|Informed Consent to Chiropractic Adjustments and Care Terms of Acceptance|
I have had an opportunity to discuss with the doctor of chiropractic named below and/or with other office of clinic personnel the nature and purpose of chiropractic adjustments and procedures. I understand that results are not guaranteed.
I understand and am informed that, as in the practice of medicine, in the practice of chiropractic there are some risks to treatment, including, but not limited to, fractures, disc injuries, strokes, dislocations, and sprains. I do not expect the doctor to be able to anticipate and explain all risks and complications, and I wish to rely on the doctor to exercise judgment during the course of the procedure which the doctor feels at the time, based upon the facts then known, is in my best interests.
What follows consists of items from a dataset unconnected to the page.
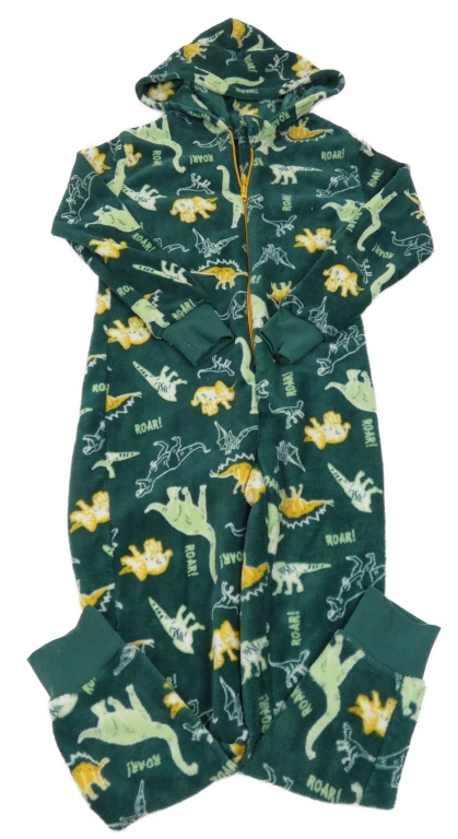 Zelená chlupatá kombinéza s dinosaury a kapucí
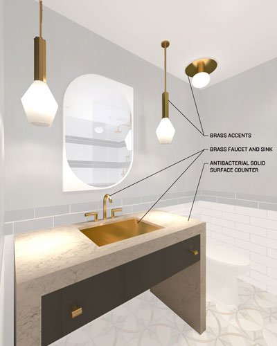 reducing and all with the added benefit of being antimicrobial. The metal accents throughout the room and in the bathroom are made of brass which is also a naturally occurring antimicrobial surface. This metal is used throughout the space on frequently touched surfaces such as faucets, shower valves, the hand shower and even on the drawer pulls of the dresser and vanity. The bathroom vanity also features the same solid surface material used in the guestroom, along with a non-porous flooring and wall tile allowing easy cleaning and the durability to stand up to inevitable chemical use. Within both the bathroom and guest space the utilization of incorporated specialized UV lighting consistently sterilizes the air while in use. This feature provides guests with an increased level of safety from hotel staff and previous guests. By implementing a layered approach to design through materials and technologies, this space addresses the needs of hotel guests, hotel owners, and hotel employees during the pandemic and beyond.
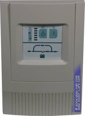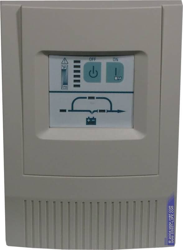Вполне «взрослая» панель, характерная для большинства онлайновых ИБП — на ней отражается максимум информации о работе устройства: 6-секционный индикатор разряда акуумулятора/перегрузки, две разнесенные кнопки включения и выключения ИБП, схематичное изображение тракта подачи напряжения.
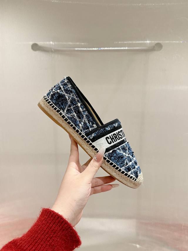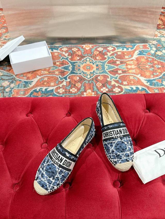 迪奥Dior早春新款爆款渔夫鞋 简约大气时髦,耐看不过时,是时尚圈永不退潮的经典所在,复古的渔夫鞋。 原版手工编织面,电绣工艺!特定布面 生胶大底。 码数:35
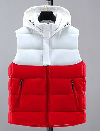 男性用 パファーベスト パッド入り ジレ キルティングベスト 日常 デート バケーション ファッション カジュアル 秋冬 ポケット ポリエステル 保温 快適 純色 ジッパ- フード付き レギュラー ブラック ダークレッド ルビーレッド ベスト
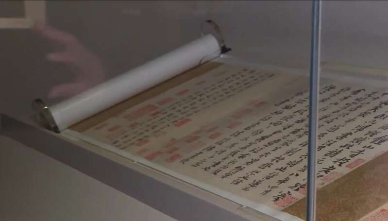 展览上另一件重要文物是北宋政治家、文学家王安石的传世真迹《行书楞严经旨要卷》。尽管这件作品书写于王安石去世前一年,但在杨志刚看来“笔力依然雄浑有力”。“这件文物除了王安石的字难得,后面的跋同样难得。”据介绍,作品后面的题跋包括南宋牟献之、元代的王蒙等。“我们还没有完全打开。”杨志刚告诉网友们,未来上海博物馆东馆具备足够的空间条件后,会想办法将这样的长卷完全打开,全面展示在参观者面前。
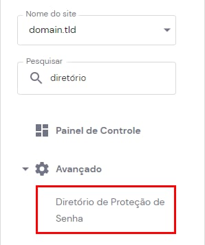 Para acessar esse recurso, abre o hPanel e vá até Sites → Gerenciar, encontre Diretório de Proteção de Senha na barra lateral esquerda e clique nele:

I have read, or have had read to me, the above consent. I have also had an opportunity to ask questions about its content, and by signing below I agree to the above-named procedures. I intend this consent form to cover the entire course of treatment for my present condition and for any future condition(s) for which I seek treatment.
I have discussed and understand the alternative treatment options that may be available to me outside of the chiropractic profession.
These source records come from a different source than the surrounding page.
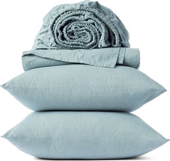 A sheet set woven of organic cotton is intended to look crinkled for a relaxed look while getting softer and more inviting with every wash.
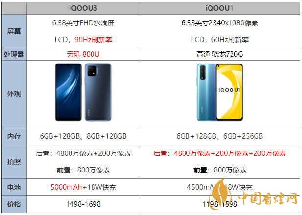 iQOOU3和iQOOU1哪個好 參數(shù)配置對比
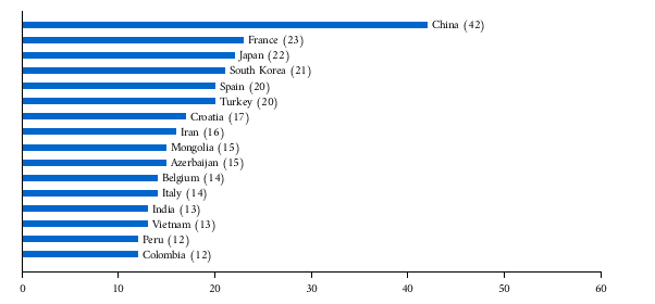 1  الصين 42[18]
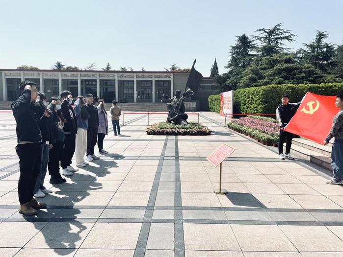 为深切缅怀革命先烈,颂扬革命英雄的崇高精神,树立共产主义的坚定信念,进一步教育支部党员牢记使命、从党史中汲取力量,4月9日上午,美术设计系学生党支部组织委员阮仁斌、宣传委员王亚鹏带领支部党员及入党积极分子,来到大蜀山烈士陵园开展祭奠及爱国教育活动。
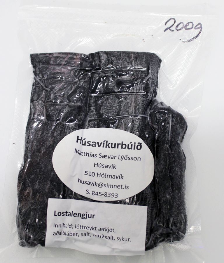 Aðallinn okkar í framleiðslunni er þó „Lostalengjur“. Það er aðalbláberjamarínerað ærkjöt eða ærvöðvar sem eru lítils háttar reyktir og síðan þurrkaðir. Þetta er eins konar þurrskinka. Þetta erum við búin að vera með í ein átta ár og vorum í þróunarverkefni með þetta með MATÍS. Við höfum svo þróað þetta frekar og betrumbætt framleiðsluna. Núna erum við komin á gott ról með þessa framleiðslu og varan selst út úr höndunum á okkur jafn óðum og við framleiðum. Við höfum bara ekki nægan tíma afgangs til að geta framleitt nógu mikið.“
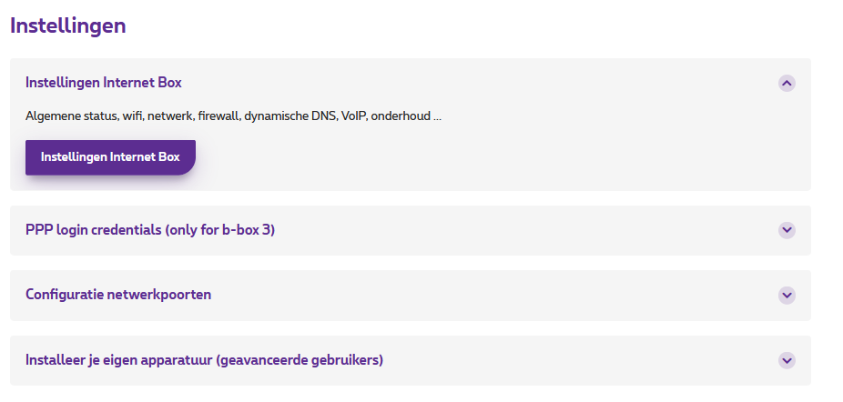 - Op My Proximus > Internet > Instellingen is er een optie bijgekomen: Installeer je eigen apparatuur (gevanceerde gebruikers)
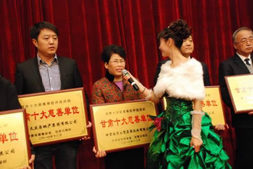 由甘肅省慈善總會(huì)和甘肅日?qǐng)?bào)社聯(lián)合主辦、每日甘肅網(wǎng)獨(dú)家承辦的2010年甘肅省十大“慈善單位”、“慈善人物”頒獎(jiǎng)典禮于2010年12月28日在蘭州舉行。經(jīng)過(guò)激烈角逐,甘肅國(guó)芳工貿(mào)集團(tuán)股份有限公司榮幸地被評(píng)為“甘肅十大慈善單位”之一。
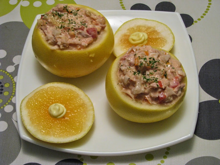 *Truco: con la pulpa que nos ha sobrado del otro pomelo puedes hacer un zumo y verter un poco sobre la mezcla para que coja más sabor, sino, puedes tomarlo solo mientras preparas la receta :-)
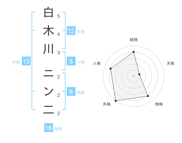 白木川 ニン二さんを姓名の画数から五運を鑑定

When a patient seeks chiropractic health care and we accept a patient for such care, it is essential for both to be working towards the same objective.
Chiropractic has only one goal. It is important that each patient understand both the objective and the method that will be used to attain it. This will prevent any confusion or disappointment.
Adjustment: An adjustment is the specific application of forces to facilitate the bodys correction of vertebral subluxation. Our chiropractic method of correction is by specific adjustments of the spine.Vertebral Subluxation: A misalignment of one or more of the 24 vertebra in the spinal column which causes alteration of nerve function and interference to the transmission of mental impulses, resulting in a lessening of the bodys innate ability to express its maximum health potential. We do not offer to diagnose or treat any disease or condition other than vertebral subluxation. However, if during the the course of a chiropractic spinal examination, we encounter non-chiropractic or unusual findings, we will advise you. If you desire advice, diagnosis or treatment for those findings, we will recommend that you seek the services of a health care provider who specializes in that area.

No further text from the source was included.